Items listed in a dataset
^^^^^^^^^^^^^^^^

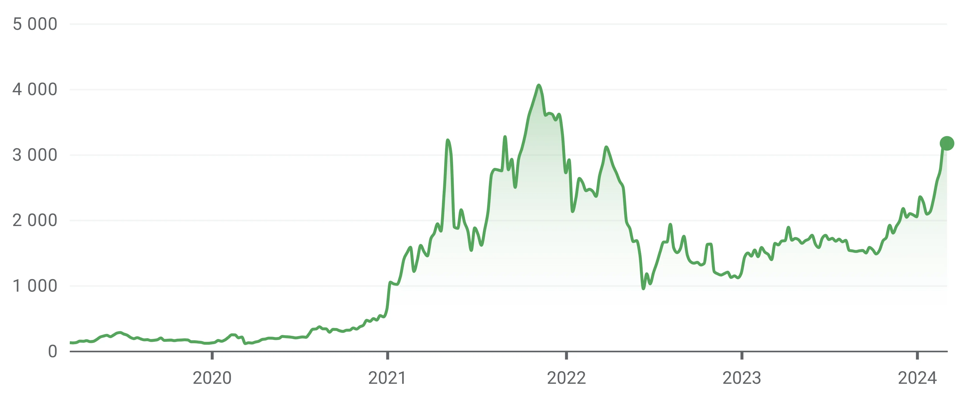 Förkortningen “EUR” står för euro, vilket är EU:s officiella valuta. Nedan visas ethereums kursutveckling i euro, under en 5-årsperiod, mellan 2019 och 2024.
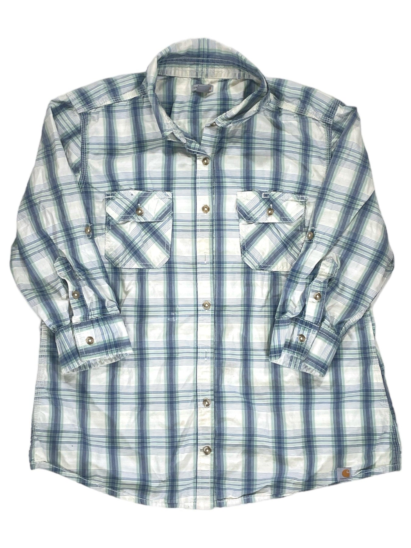 Womens 3/4 Sleeve Plaid Button Up
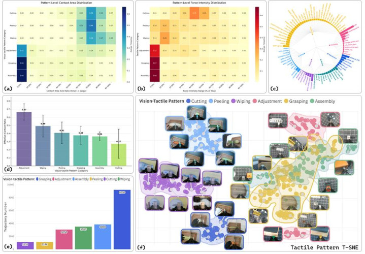 这是迄今为止规模最大、质地最高的视触觉操作数据集之一,当今已收录2万余条操作轨迹,秘籍近百类任务和百余种物体,并将构兵模式系统性分为擦抹、削皮、切割、持取、安设以及手内调度六类,在数据相聚经由中严格保证视觉、触觉与行为的高精度同步,并保留了原始传感器频率。该数据集也同步受到了业界招供,赢得由魔搭社区(ModelScope)专揽的“EAI-2025年度10大数据集”奖项。
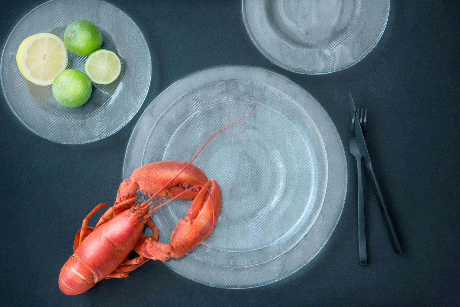 Tallerknene, som er designet av den kjente interiørdesigneren Halvor Bakke, kommer i tre størrelser (fra 269 kr). Kombiner gjerne krystalltallerkner med porselen for et personlig uttrykk, er Halvors eget borddekkingstips.
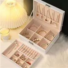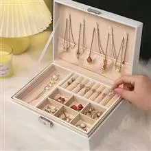 جعبه جواهرات دو طبقه راهکاری ایدهآل برای نگهداری و سازماندهی جواهرات شماست. این محصول با طراحی خاص و ظرفیت دوگانه، انتخابی مناسب برای افرادی است که به نظم، زیبایی و محافظت از جواهرات خود اهمیت میدهند.
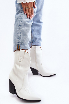 Жіночі ковбойські чоботи на каблуці білі Melaitia
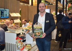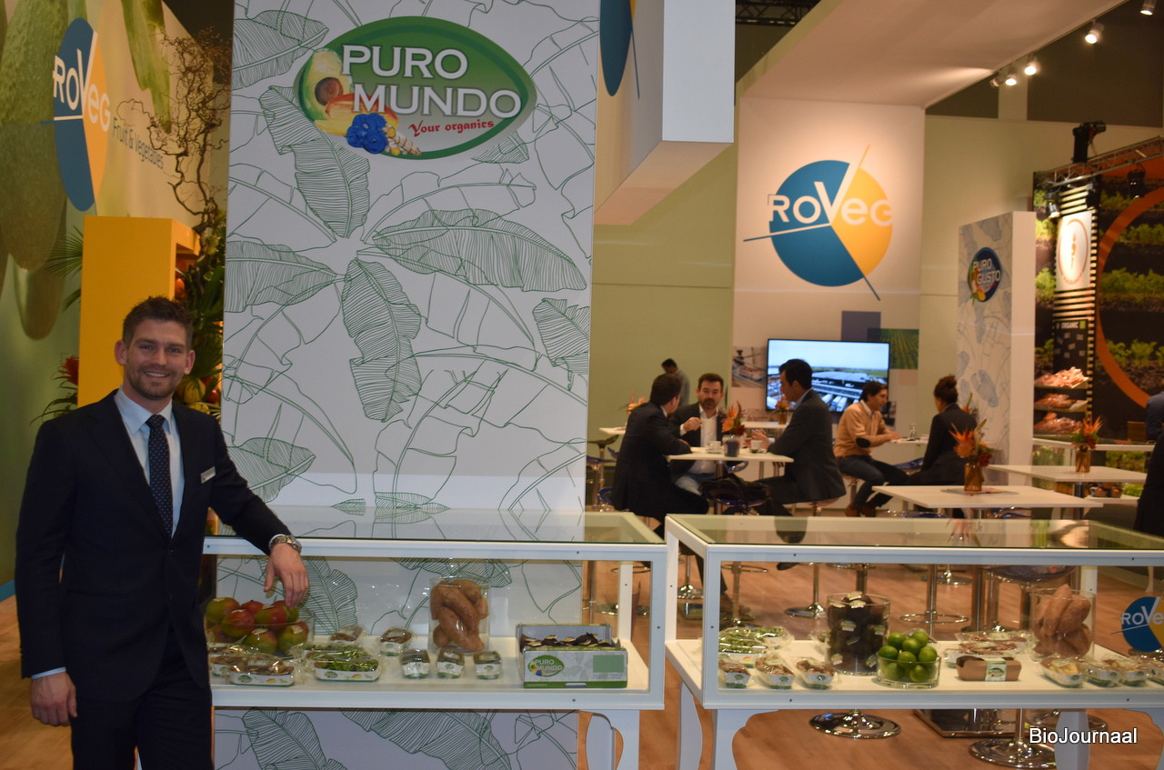 Jeffrey van der Meer van Roveg poseert naast het biologische assortiment, onder het eigen merk Puro Mundo.

^^^^^^^^^^^^^^^^

**TASK GOAL:** In the records above, find the line containing "Womens 3/4 Sleeve Plaid Button Up", then please restate it and each line after it word for word, pictures excluded.

**FINISHED TASK:**
 Womens 3/4 Sleeve Plaid Button Up
 这是迄今为止规模最大、质地最高的视触觉操作数据集之一,当今已收录2万余条操作轨迹,秘籍近百类任务和百余种物体,并将构兵模式系统性分为擦抹、削皮、切割、持取、安设以及手内调度六类,在数据相聚经由中严格保证视觉、触觉与行为的高精度同步,并保留了原始传感器频率。该数据集也同步受到了业界招供,赢得由魔搭社区(ModelScope)专揽的“EAI-2025年度10大数据集”奖项。
 Tallerknene, som er designet av den kjente interiørdesigneren Halvor Bakke, kommer i tre størrelser (fra 269 kr). Kombiner gjerne krystalltallerkner med porselen for et personlig uttrykk, er Halvors eget borddekkingstips.
 جعبه جواهرات دو طبقه راهکاری ایدهآل برای نگهداری و سازماندهی جواهرات شماست. این محصول با طراحی خاص و ظرفیت دوگانه، انتخابی مناسب برای افرادی است که به نظم، زیبایی و محافظت از جواهرات خود اهمیت میدهند.
 Жіночі ковбойські чоботи на каблуці білі Melaitia
 Jeffrey van der Meer van Roveg poseert naast het biologische assortiment, onder het eigen merk Puro Mundo.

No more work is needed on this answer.